_Task description_
From the records below, please repeat exactly the line that has "Das gemütliche Schlafzimmer", the line that has "شرح الكافية عشر", and every line between them, and nothing else.

_Provided information_
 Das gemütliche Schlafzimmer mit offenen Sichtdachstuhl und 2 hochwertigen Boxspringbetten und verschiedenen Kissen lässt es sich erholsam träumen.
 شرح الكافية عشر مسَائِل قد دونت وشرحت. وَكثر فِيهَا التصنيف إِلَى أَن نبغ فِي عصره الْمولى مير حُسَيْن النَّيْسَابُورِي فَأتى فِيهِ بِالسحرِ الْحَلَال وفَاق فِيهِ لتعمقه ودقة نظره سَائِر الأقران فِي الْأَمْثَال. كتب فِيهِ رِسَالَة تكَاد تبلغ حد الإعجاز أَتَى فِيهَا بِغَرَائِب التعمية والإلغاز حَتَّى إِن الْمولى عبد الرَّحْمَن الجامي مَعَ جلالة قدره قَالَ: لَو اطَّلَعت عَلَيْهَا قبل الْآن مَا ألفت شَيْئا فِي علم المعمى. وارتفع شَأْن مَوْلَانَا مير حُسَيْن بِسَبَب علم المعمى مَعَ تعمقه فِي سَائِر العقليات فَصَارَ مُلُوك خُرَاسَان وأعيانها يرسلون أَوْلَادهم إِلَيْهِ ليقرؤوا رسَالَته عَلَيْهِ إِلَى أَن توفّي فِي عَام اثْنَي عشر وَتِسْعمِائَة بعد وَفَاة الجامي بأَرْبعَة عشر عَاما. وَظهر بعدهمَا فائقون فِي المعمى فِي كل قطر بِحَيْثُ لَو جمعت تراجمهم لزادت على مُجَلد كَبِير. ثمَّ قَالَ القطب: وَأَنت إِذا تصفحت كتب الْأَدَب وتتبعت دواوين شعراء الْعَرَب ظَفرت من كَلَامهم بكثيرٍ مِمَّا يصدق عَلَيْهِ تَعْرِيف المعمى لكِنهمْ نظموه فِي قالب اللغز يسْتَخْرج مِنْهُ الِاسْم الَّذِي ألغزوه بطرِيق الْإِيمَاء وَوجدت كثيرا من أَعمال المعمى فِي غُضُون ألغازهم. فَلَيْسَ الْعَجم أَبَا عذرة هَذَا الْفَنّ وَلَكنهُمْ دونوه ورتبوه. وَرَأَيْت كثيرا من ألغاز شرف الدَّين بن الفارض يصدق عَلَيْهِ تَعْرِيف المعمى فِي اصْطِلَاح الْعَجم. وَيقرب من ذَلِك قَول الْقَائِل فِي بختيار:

* * *

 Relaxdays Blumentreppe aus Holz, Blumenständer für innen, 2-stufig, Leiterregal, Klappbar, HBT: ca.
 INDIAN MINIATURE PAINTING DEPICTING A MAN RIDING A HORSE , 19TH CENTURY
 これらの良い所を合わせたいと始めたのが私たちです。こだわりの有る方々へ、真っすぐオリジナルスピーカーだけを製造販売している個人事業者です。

---

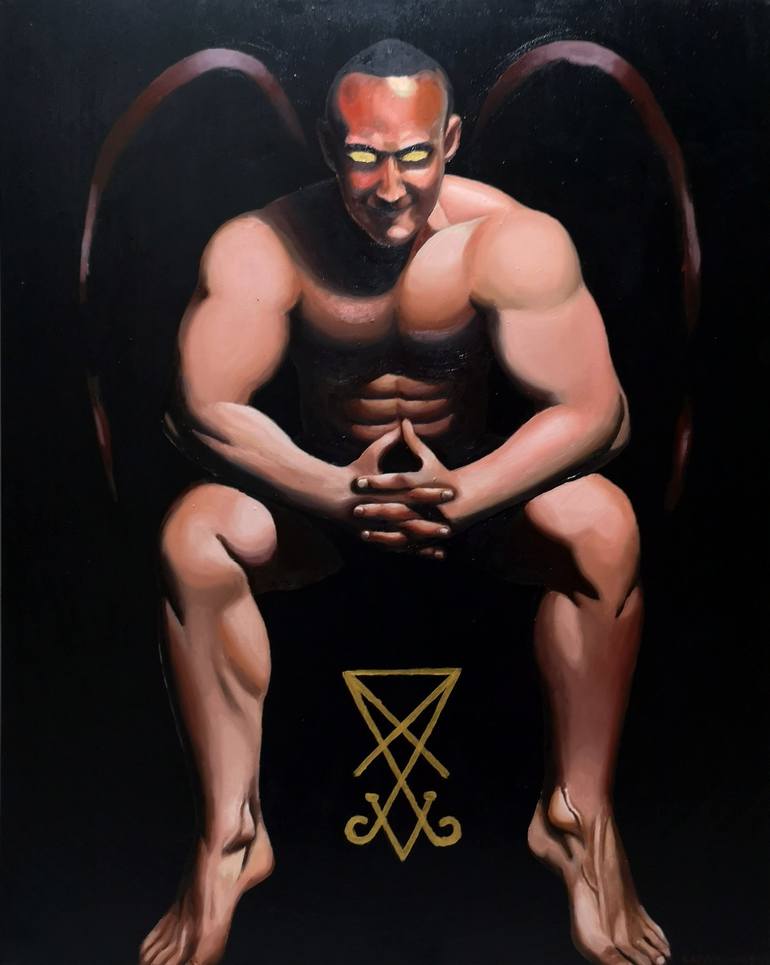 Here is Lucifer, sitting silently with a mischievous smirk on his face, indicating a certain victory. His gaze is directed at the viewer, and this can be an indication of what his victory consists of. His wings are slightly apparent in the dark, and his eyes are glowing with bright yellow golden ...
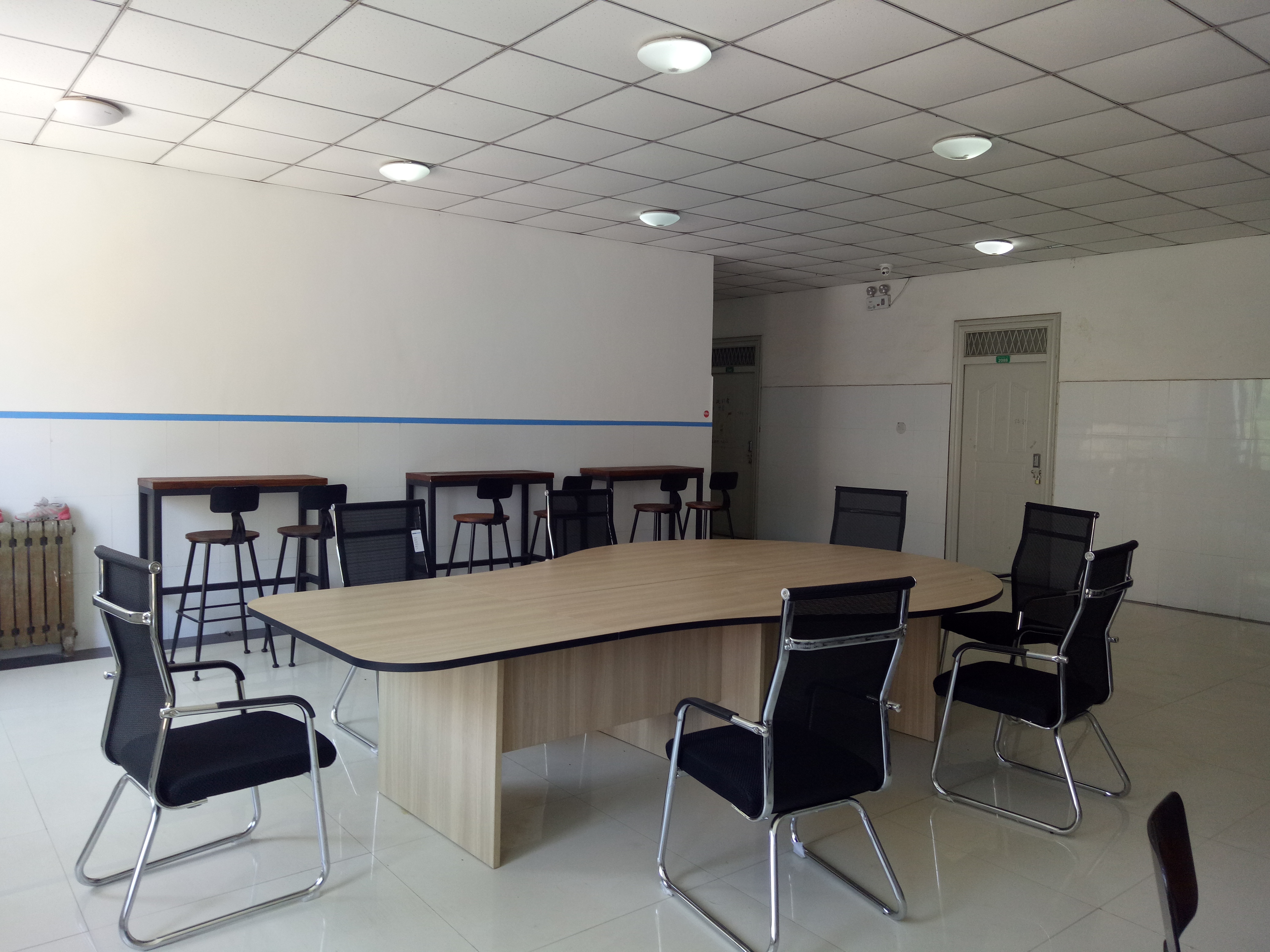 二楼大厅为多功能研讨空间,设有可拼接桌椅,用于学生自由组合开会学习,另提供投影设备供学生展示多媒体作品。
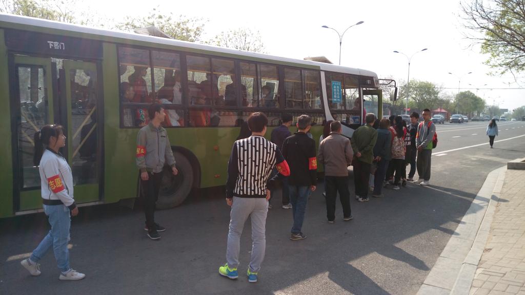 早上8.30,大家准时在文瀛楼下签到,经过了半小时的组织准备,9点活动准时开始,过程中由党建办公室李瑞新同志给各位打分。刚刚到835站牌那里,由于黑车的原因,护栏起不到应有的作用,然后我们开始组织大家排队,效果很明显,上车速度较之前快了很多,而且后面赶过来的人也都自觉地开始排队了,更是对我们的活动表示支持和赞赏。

_Your solution_
 Das gemütliche Schlafzimmer mit offenen Sichtdachstuhl und 2 hochwertigen Boxspringbetten und verschiedenen Kissen lässt es sich erholsam träumen.
 شرح الكافية عشر مسَائِل قد دونت وشرحت. وَكثر فِيهَا التصنيف إِلَى أَن نبغ فِي عصره الْمولى مير حُسَيْن النَّيْسَابُورِي فَأتى فِيهِ بِالسحرِ الْحَلَال وفَاق فِيهِ لتعمقه ودقة نظره سَائِر الأقران فِي الْأَمْثَال. كتب فِيهِ رِسَالَة تكَاد تبلغ حد الإعجاز أَتَى فِيهَا بِغَرَائِب التعمية والإلغاز حَتَّى إِن الْمولى عبد الرَّحْمَن الجامي مَعَ جلالة قدره قَالَ: لَو اطَّلَعت عَلَيْهَا قبل الْآن مَا ألفت شَيْئا فِي علم المعمى. وارتفع شَأْن مَوْلَانَا مير حُسَيْن بِسَبَب علم المعمى مَعَ تعمقه فِي سَائِر العقليات فَصَارَ مُلُوك خُرَاسَان وأعيانها يرسلون أَوْلَادهم إِلَيْهِ ليقرؤوا رسَالَته عَلَيْهِ إِلَى أَن توفّي فِي عَام اثْنَي عشر وَتِسْعمِائَة بعد وَفَاة الجامي بأَرْبعَة عشر عَاما. وَظهر بعدهمَا فائقون فِي المعمى فِي كل قطر بِحَيْثُ لَو جمعت تراجمهم لزادت على مُجَلد كَبِير. ثمَّ قَالَ القطب: وَأَنت إِذا تصفحت كتب الْأَدَب وتتبعت دواوين شعراء الْعَرَب ظَفرت من كَلَامهم بكثيرٍ مِمَّا يصدق عَلَيْهِ تَعْرِيف المعمى لكِنهمْ نظموه فِي قالب اللغز يسْتَخْرج مِنْهُ الِاسْم الَّذِي ألغزوه بطرِيق الْإِيمَاء وَوجدت كثيرا من أَعمال المعمى فِي غُضُون ألغازهم. فَلَيْسَ الْعَجم أَبَا عذرة هَذَا الْفَنّ وَلَكنهُمْ دونوه ورتبوه. وَرَأَيْت كثيرا من ألغاز شرف الدَّين بن الفارض يصدق عَلَيْهِ تَعْرِيف المعمى فِي اصْطِلَاح الْعَجم. وَيقرب من ذَلِك قَول الْقَائِل فِي بختيار:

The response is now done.